PwC has pledged to reach net zero carbon emissions by 2030. The Big Four firm plans to cut absolute emissions by 50% and offset the remainder in order to achieve its goal, slashing business travel and increasing its use of zero carbon energy. Emissions associated with flights alone currently represent around 85% of PwC's carbon footprint, according to BusinessGreen.
15 September 2020: HMRC letters advise VAT-registered businesses on EU trade; Russia amends double-tax agreement with Cyprus; CBI calls for green jobs to aid economy; UK borrowing forecasts may drop.
HMRC has sent guidance letters to VAT-registered businesses in Great Britain that are trading with the EU, or the EU and the rest of the world. The letters explain what businesses need to do to prepare for new processes for moving goods between Great Britain and the EU from 1 January 2021. Actions include ensuring they have a UK Economic Operator Registration and Identification number, deciding how they will make customs declarations and checking if their imported goods are eligible for staged import controls, a government press release said.

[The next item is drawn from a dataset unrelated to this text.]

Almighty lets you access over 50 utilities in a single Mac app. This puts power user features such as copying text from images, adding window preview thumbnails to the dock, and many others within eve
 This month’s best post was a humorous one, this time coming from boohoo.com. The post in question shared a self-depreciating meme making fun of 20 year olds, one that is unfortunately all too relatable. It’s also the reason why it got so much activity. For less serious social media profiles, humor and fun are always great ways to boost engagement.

Russia's Ministry of Finance has announced that it has signed a protocol to amend its double tax agreement with Cyprus. The protocol will increase the withholding tax at source to 15% for dividends and interest income. The provisions are expected to apply from January 2021. Cyprus has agreed to maintain a zero withholding tax on royalty payments, according to Tax-News.com.

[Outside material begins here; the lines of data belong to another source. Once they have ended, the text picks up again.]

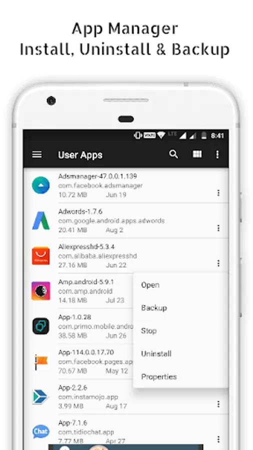 ★ App Manager and Process Manager Free memory by killing tasks and speed up your phone instantly. Quickly and easily uninstall multiple unwanted applications and free up phone storage space which is very valuable. App Manager helps you save your favorite apps on to memory and install them back again when needed.
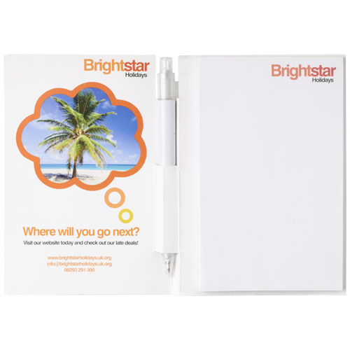 Essential conference pack A5. Includes an A5 notepad with 50 sheets (80g/m2) blank paper and a calypso pen in the spine area. The conference pack has a hard cover (350g/m2). Full colour decoration possible on both sides of the cover, as well as on each sheet.
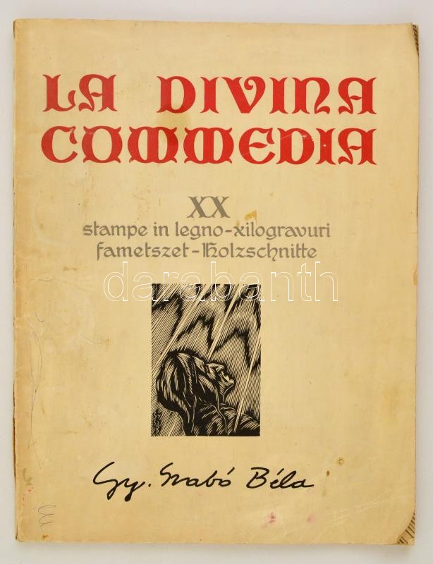 Leírás: Dante Alighieri: La Divina Commedia. Kolozsvár, 1976, Dacia. Gy. Szabó Béla 20 db fametszetével. Papírkötésben, 44x34 cm
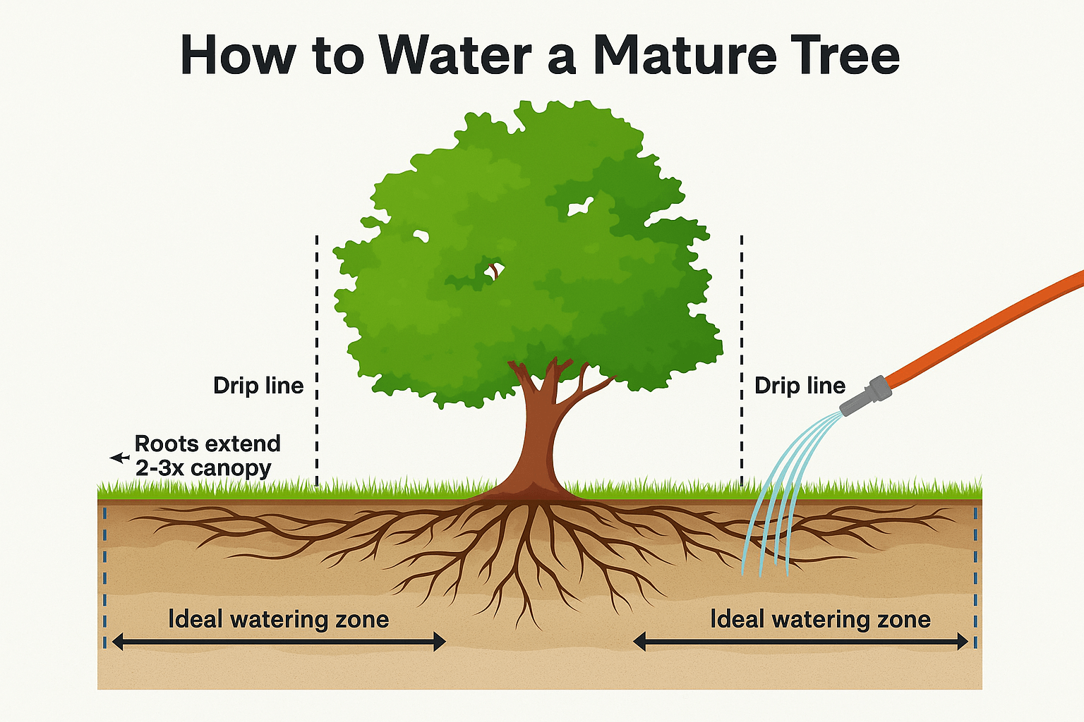 - Mature trees often have roots extending 2–3 times beyond the canopy, so water wide, not just close to the trunk. Do not use a watering bag as there are no absorption roots at the base of the tree.

CBI director general Carolyn Fairbairn will call on the government to create more green jobs in order to help the UK economy recover from COVID-19. As part of launching the CBI’s Green Recovery Roadmap, Fairbairn is expected to promote a boost in productivity that would be brought about by focusing on sourcing cleaner ways to heat UK homes and businesses and funding sustainable aviation fuels, the Guardian reported.
Forecasts for the UK’s overall level of unserviceable borrowing are expected to drop from more than £100bn to approximately £70bn. The Recapitalisation Group is a panel headed by the former Aviva chairman Sir Adrian Montague. It is expected to reduce its forecast, attributed to the UK economy rebounding faster than expected and supported by findings from the Bank of England and Office for Budget Responsibility, according to Sky News.
14 September 2020: UK secures free trade deal with Japan; MPs call for CJRS to be extended; NASA looks for commercial provider to “mine the moon”; Fraser named first female Wall Street bank CEO.
The UK has secured its first major trade deal as an independent trading nation. The free trade deal with Japan is expected to increase trade with the country by an estimated £15.2bn. It will also increase UK job creation and economic growth. UK businesses will benefit from tariff-free trade on 99% of exports to Japan, according to a government press release.
The Treasury Select Committee has called for a targeted extension of the government’s furlough scheme. MPs have warned that several firms may go under without continued support and that there is a higher risk of long-term unemployment in the UK. However, it added that a blanket retention of the scheme would not be good value for money, the BBC reported. The Coronavirus Job Retention Scheme is due to end on 31 October.
NASA is looking to buy lunar soil from a commercial provider as part of a technology development programme. It announced it is seeking private companies to mine the moon and would pay between $15,000 and $25,000 for 50 to 500 gram samples. A NASA administrator said, “we do believe we can extract and utilize the resources of the moon, just as we can extract and utilize tuna from the ocean,” the Guardian reported.
One of America’s largest financial institutions, Citigroup, has announced that executive Jane Fraser will take over as its next CEO in February. In doing so, Fraser – who is Scottish-born and started her career at Goldman Sachs in London – will become the first woman to lead a Wall Street bank. She will replace current chief executive Michael Corbat, according to Sky News.